Todd Boyce, mit seinem hellen, leicht metallisch gefärbten Bariton, seiner agilen Gestaltungskraft und seinem blendenden Aussehen eine Idealbesetzung für die Partie des Don Giovanni, bildet das Epizentrum eines Abends, der nur so vorüberfliegt. Der zugleich aber von zahlreichen dramaturgisch sinnvollen wie sorgsam ausgearbeiteten Einzelheiten lebt. Sie stehen alle im selben Zeichen: in jenem der erstarkten Frau. Anna, Elvira, Zerlina – sie sind keine Opfer eines Grapschers, oder nicht nur, sie wissen auch genau, was sie wollen. Und sei es eben einen Mann wie Don Giovanni. Anna zum Beispiel wurde nicht verführt, sie verführte, ein mit versteckter Kamera in einem Hotelzimmer aufgezeichnetes Video bringt es an den Tag. Im Zuschauerraum weiss man davon, weil das Register, aus dem Leporello (Michele Govi) zu Beginn der Oper vorträgt, nicht als das übliche Büchlein gezeigt wird, sondern als ein Stapel Kartonschachteln mit Videokassetten. Und zufällig steht auf der Bühne ein Abspielgerät mitsamt Bildschirm bereit – so dass sich Ottavio seine Zweifel an Annas unendlich wiederholten Beteuerungen eins zu eins bestätigen lassen kann. Er nimmt es als der Gentleman, der er an diesem Abend ist.

In der Tat erscheint Ottavio, Andries Cloete formt da wieder eine seiner durchs Band packenden Bühnenfiguren, nicht als der weinerliche Antiheld, zu dem er so oft wird, nein, der vornehm gelassene Adlige bleibt ganz sich selbst – auch in jenem Moment, da er das diskriminierende Video mit einem raschen Griff ins Bandmaterial unbrauchbar macht. Anna wiederum ist nicht die der Opera seria entstiegene Leidensfigur, sondern eine Frau, die eben erwacht ist und nun gegen ihr loderndes Begehren ansingt – Elissa Huber bringt das glaubwürdig zur Geltung. Nicht weniger fasslich die sitzengelassene Elvira, der Evgenia Grekova keine hysterischen Züge verleiht, der hier vielmehr eine verletzliche und verletzte Seite zugestanden wird.
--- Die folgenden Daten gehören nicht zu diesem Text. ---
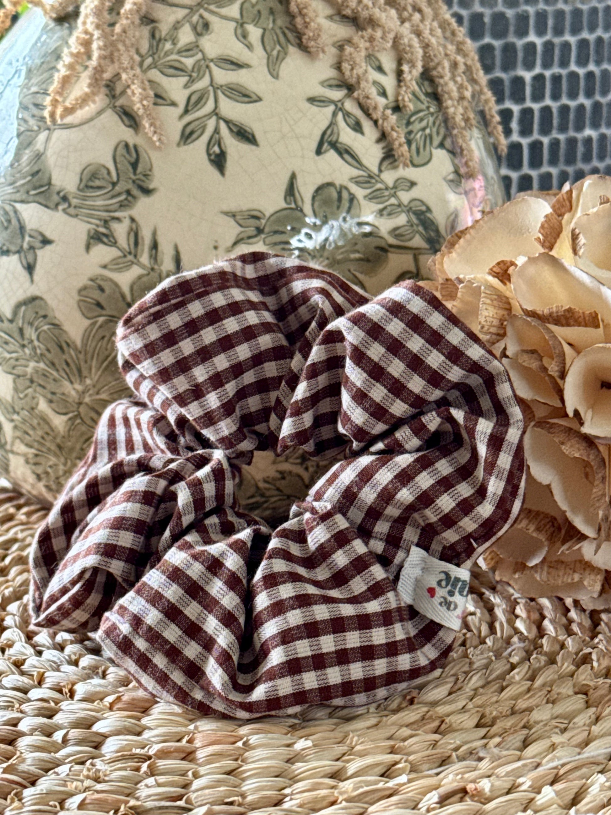 Chouchou « Anna » – Motif vichy marron – Fait main, Made in France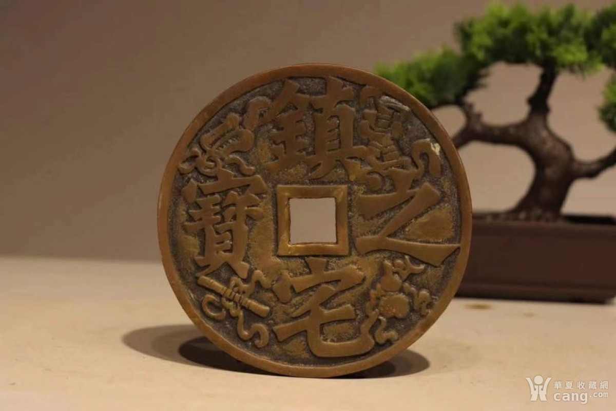 清大铜钱,全品_^雕工精细,有去邪镇宅之用,直径14。

Und dann die Zerlina von Eleonora Vacchi: ein hochschwangeres Temperamentsbündel, das ihren etwas waschlappigen Masetto – das liegt nicht an Carl Rumstadt, sondern an der Partie – am liebsten einmal kräftig durchschütteln würde. Bemerkenswert auch der Commendatore, den Young Kwon mit einer für diese Rolle auffallend leichten, aber mit Durchschlagskraft versehenen Stimme gibt: ein Mann, ein Mensch, keine Statue.

Sehr schön ist das Personal in dieser Produktion gezeichnet. Und auf durchwegs hohem Niveau wird das szenische Konzept umgesetzt: von Darstellerinnen und Darstellern, die fast alle fest dem Haus verbunden sind; sie zeugen davon, dass der Ensemblegedanke leben kann – wenn Besetzung und Geist stimmen. In diesen Kontext gehört auch das Berner Symphonieorchester, das am Premierenabend ausgezeichnete Eindrücke hinterliess. Kevin John Edusei, Chefdirigent im Bereich des Musiktheaters und fraglos ein Mann mit Zukunft, liess erkennen, worin der Mozart-Ton unserer Tage besteht: in flüssigen Tempi (überraschend schon in der Ouvertüre) und einem Zug, der jenem der Inszenierung entsprach, in griffiger Phrasierung, ja überhaupt deutlich herausmodellierten Ausdruckszuständen und in einem aufgehellten, farbenreichen Klang, zu dem auch das von Anne Hinrichsen gespielte Hammerklavier gehörte.